It's been months since i've last posted..
And as usual, lots of things happened...

Well, 1st off, i'm in the army already...lol..
So it's Tekong on weekdays and Singapore on on weekends... haha

Alright to start it all up, let me tell you guys a story..

There was once a boy,
who liked a girl a lot.
He was 12 then,
and he thought he knew what love was.
One day, the girl got hit by a car while crossing the road.
The boy saw the whole thing, but did not know what to do.
In the end, the girl died in front of the boy,
while the boy knows nothing but to stand there with tears running down his cheeks.
The boy's heart was shattered, broken into piece.
He promised that he'll be able to help others instead of standing there,
and never shed a tear again.

Well, that's the end of the story, hope you guys liked it..haha

Anyway, i'm sick and tired of all the things that i've done, and end up, people don't even care about it.
I've put in my effort, give it what i can, and yet, it's either ignored or treated as a norm.
It's in my nature to help, but please don't take it for granted..
Perhaps i should try to help less, maybe that'll work..
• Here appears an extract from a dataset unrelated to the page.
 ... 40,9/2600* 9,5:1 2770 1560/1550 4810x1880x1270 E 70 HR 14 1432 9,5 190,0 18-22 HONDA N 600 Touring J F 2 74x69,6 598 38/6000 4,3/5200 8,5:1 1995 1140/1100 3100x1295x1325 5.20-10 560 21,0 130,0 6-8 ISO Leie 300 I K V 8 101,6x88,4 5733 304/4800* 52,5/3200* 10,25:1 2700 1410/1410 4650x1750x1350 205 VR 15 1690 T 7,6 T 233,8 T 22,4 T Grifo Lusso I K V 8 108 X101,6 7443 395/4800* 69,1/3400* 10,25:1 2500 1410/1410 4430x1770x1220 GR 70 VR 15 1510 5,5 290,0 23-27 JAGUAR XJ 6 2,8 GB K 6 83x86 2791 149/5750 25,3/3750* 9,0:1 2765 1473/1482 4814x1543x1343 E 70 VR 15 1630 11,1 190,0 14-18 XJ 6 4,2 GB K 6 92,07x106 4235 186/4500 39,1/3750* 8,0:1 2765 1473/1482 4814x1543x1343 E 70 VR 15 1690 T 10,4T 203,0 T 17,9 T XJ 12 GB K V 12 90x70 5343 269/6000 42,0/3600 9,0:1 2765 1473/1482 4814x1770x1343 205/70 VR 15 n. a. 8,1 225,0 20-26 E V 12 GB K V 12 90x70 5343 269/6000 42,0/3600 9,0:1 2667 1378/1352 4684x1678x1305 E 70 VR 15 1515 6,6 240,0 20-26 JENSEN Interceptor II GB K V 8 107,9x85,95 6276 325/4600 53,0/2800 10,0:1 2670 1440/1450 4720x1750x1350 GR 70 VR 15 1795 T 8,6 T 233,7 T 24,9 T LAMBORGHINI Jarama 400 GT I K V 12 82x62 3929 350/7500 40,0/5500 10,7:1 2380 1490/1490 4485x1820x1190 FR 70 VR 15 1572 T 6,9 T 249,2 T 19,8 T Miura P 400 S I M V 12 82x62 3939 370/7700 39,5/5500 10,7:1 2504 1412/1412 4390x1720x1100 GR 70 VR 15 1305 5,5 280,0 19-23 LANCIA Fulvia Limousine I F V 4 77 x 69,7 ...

Sometimes i do think i'm too proud, but i find myself despising the younger generations more and more..
Everyone is getting weaker and weaker, demanding more and more, and becoming more like bastards and bitches..
Parents nowadays are like servants to some kids, fulfilling the kid's every wishes and all, and end up, they'll learn to regret once the kid takes it for granted..
Perhaps "battle royale" isn't so bad after all, since it teaches everyone to be stronger...hmmm...

Well, thanks to this generation of spoiled brats, there are more morons and selfish bastards around..
Like i say, kids take things for granted, they expect everything to be spoon fed to them..
Soon, we'll have kids who'll be like, "Mum, help me wear my clothes!"
Kids also don't use they're brains anymore, the brains are so tuned to studying for exams, but not used for the basic function of thinking logically and such, thus making them do stupid things, like wanting to die every time they face with a small problem, smoking and thinks that it's cool, etc etc...
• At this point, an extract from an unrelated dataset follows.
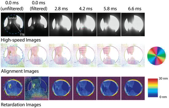 Next, we discuss the imaging of the biological tendon-to-bone specimens under the same dynamic loading. As mentioned earlier, the imaging parameters were not the same for these specimens as for the polycarbonate specimens; therefore, we cannot compare the noise levels quantitatively. Instead, we consider the advantages and disadvantages of the polarizing filter array high-speed camera for testing of these materials. As compared to the polycarbonate, biological tissue acts as a birefringent medium due to the presence of aligned collagen fibers. The medium is partially scattering and partially transparent; therefore, the alignment angle corresponds to the alignment angle of the collagen fibers, and the retardation corresponds to the strength of the alignment [13]. Figure 7 and Figure 8 show the intensity images and the generated alignment angle and retardation images for two tendon-to-bone insertion specimens during testing. The images have been cropped to 508 × 508 pixels (video images) and 254 × 254 pixels (alignment angle and retardation maps). Again, several specimens were tested; the examples shown in Figure 7 and Figure 8 are representative specimens. The two specimens were initially slightly different in geometry, due to the slicing process and variations in biological specimens. For both specimens, failure in the insertion region began at around 6.0 ms. For these images, the tendon region is at the top, and the bone is towards the bottom of the image. A detailed description of the rotation of the collagen fibers during tensile impact loading determined from the high-speed polarization imaging data using the rotating polarizer is given in Wu et al. [13]. Here, we will not repeat the detailed analysis but instead focus on comparing the image quality between the current and previous high-speed imaging methods.

Anyway, enough of kids, let's talk about a man's greatest fear.
It's not spiders, death, heights, durians, etc etc...
I found out that a man's greatest fear is actually being forgotten.
When you're forgotten, you practically never exist before, nothing you have done had any impact on others.
In short, it meant you've wasted your life for nothing, nothing at all, for you never exist if no one remembers you..
How sad can that actually be...hmmm...

Once again, i hate going to uninvited events...
Why? Because every time i go for such an event, the expression on others face would be priceless..
"What are you doing here?"
"Where did you come from?"
People will be wondering what in the hell are you doing there...
Even if it was to ask to go for an uninvited event, people will always ask, "How you know?"
There's no intention of me being there 1st, so that's why i'm not invited.
So if you guys want a reason, there you have it...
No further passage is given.